### The data
╭──
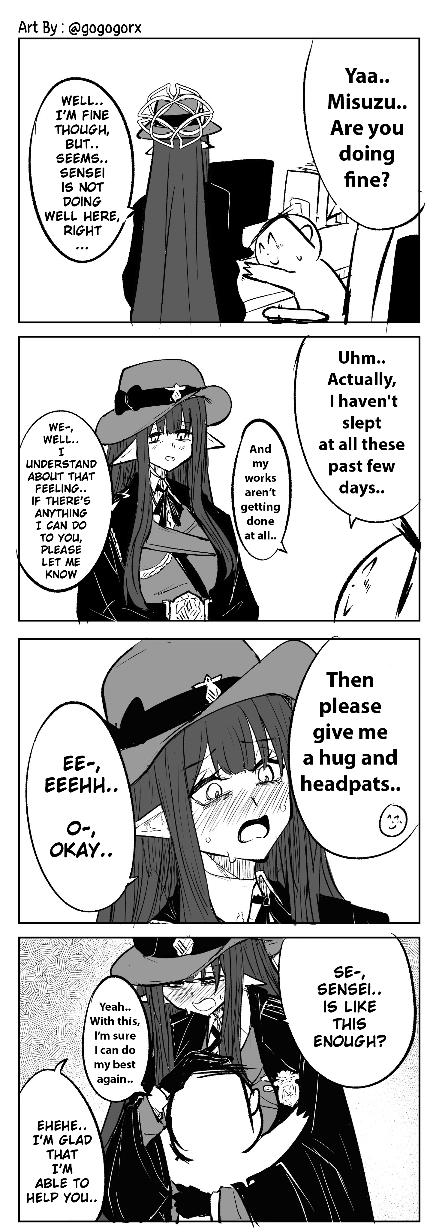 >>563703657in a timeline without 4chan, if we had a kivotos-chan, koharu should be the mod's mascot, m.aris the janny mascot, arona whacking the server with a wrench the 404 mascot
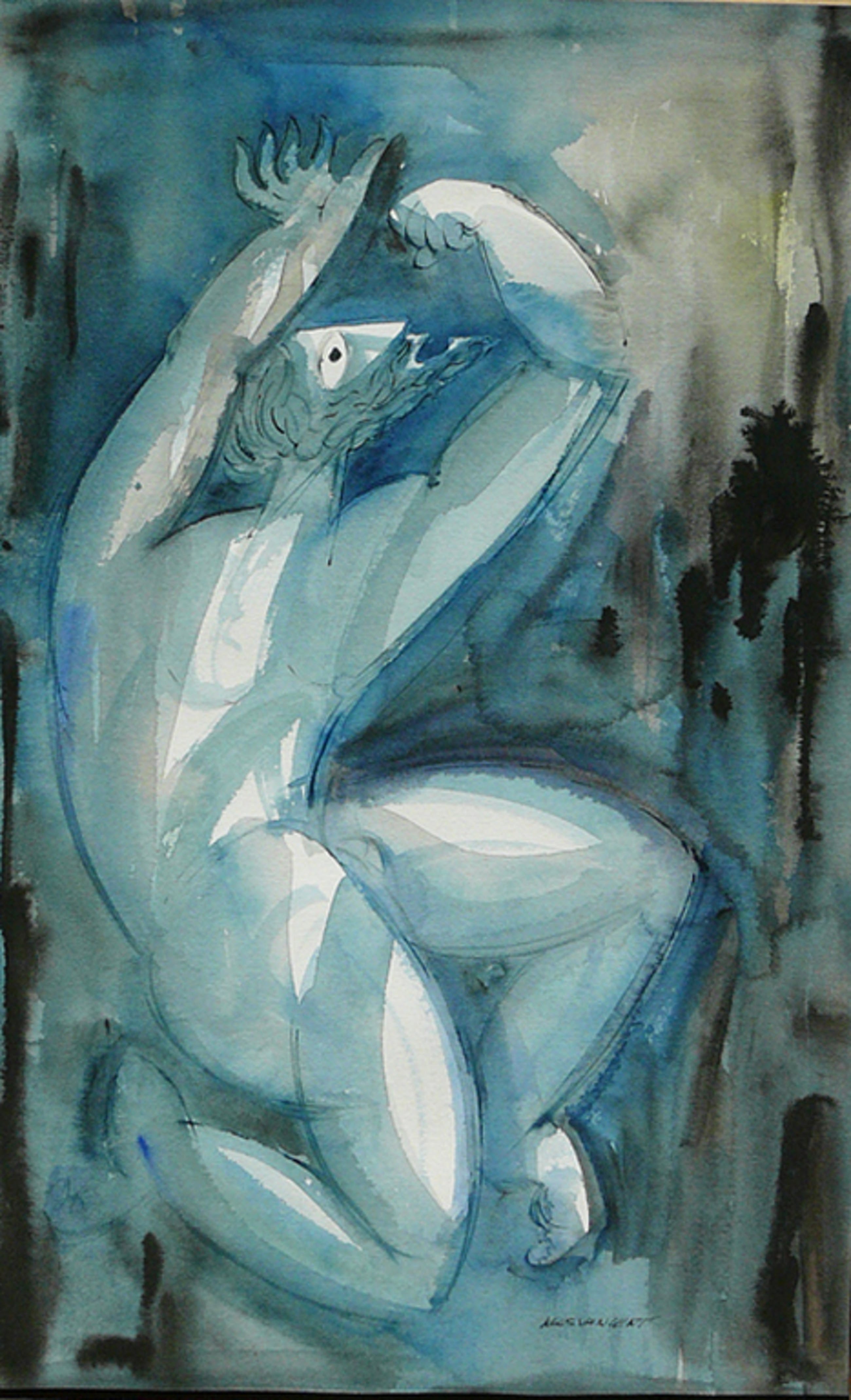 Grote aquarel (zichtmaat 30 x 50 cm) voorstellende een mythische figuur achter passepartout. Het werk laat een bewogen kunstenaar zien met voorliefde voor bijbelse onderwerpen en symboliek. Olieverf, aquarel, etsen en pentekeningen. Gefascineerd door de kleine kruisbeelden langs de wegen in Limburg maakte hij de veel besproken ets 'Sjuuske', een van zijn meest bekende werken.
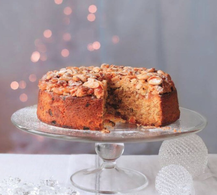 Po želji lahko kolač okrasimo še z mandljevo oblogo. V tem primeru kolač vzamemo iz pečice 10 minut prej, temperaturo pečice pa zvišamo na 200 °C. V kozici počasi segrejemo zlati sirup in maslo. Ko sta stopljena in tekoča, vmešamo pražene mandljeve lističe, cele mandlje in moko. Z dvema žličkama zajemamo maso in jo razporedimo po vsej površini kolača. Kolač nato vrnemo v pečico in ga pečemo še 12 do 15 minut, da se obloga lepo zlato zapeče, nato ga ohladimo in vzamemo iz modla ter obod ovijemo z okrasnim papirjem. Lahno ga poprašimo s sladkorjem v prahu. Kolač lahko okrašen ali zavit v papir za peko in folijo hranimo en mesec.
╰──
### Instructions to follow
Repeat the material above in full and unchanged, minus its images.

### Result of the task
 >>563703657in a timeline without 4chan, if we had a kivotos-chan, koharu should be the mod's mascot, m.aris the janny mascot, arona whacking the server with a wrench the 404 mascot
 Grote aquarel (zichtmaat 30 x 50 cm) voorstellende een mythische figuur achter passepartout. Het werk laat een bewogen kunstenaar zien met voorliefde voor bijbelse onderwerpen en symboliek. Olieverf, aquarel, etsen en pentekeningen. Gefascineerd door de kleine kruisbeelden langs de wegen in Limburg maakte hij de veel besproken ets 'Sjuuske', een van zijn meest bekende werken.
 Po želji lahko kolač okrasimo še z mandljevo oblogo. V tem primeru kolač vzamemo iz pečice 10 minut prej, temperaturo pečice pa zvišamo na 200 °C. V kozici počasi segrejemo zlati sirup in maslo. Ko sta stopljena in tekoča, vmešamo pražene mandljeve lističe, cele mandlje in moko. Z dvema žličkama zajemamo maso in jo razporedimo po vsej površini kolača. Kolač nato vrnemo v pečico in ga pečemo še 12 do 15 minut, da se obloga lepo zlato zapeče, nato ga ohladimo in vzamemo iz modla ter obod ovijemo z okrasnim papirjem. Lahno ga poprašimo s sladkorjem v prahu. Kolač lahko okrašen ali zavit v papir za peko in folijo hranimo en mesec.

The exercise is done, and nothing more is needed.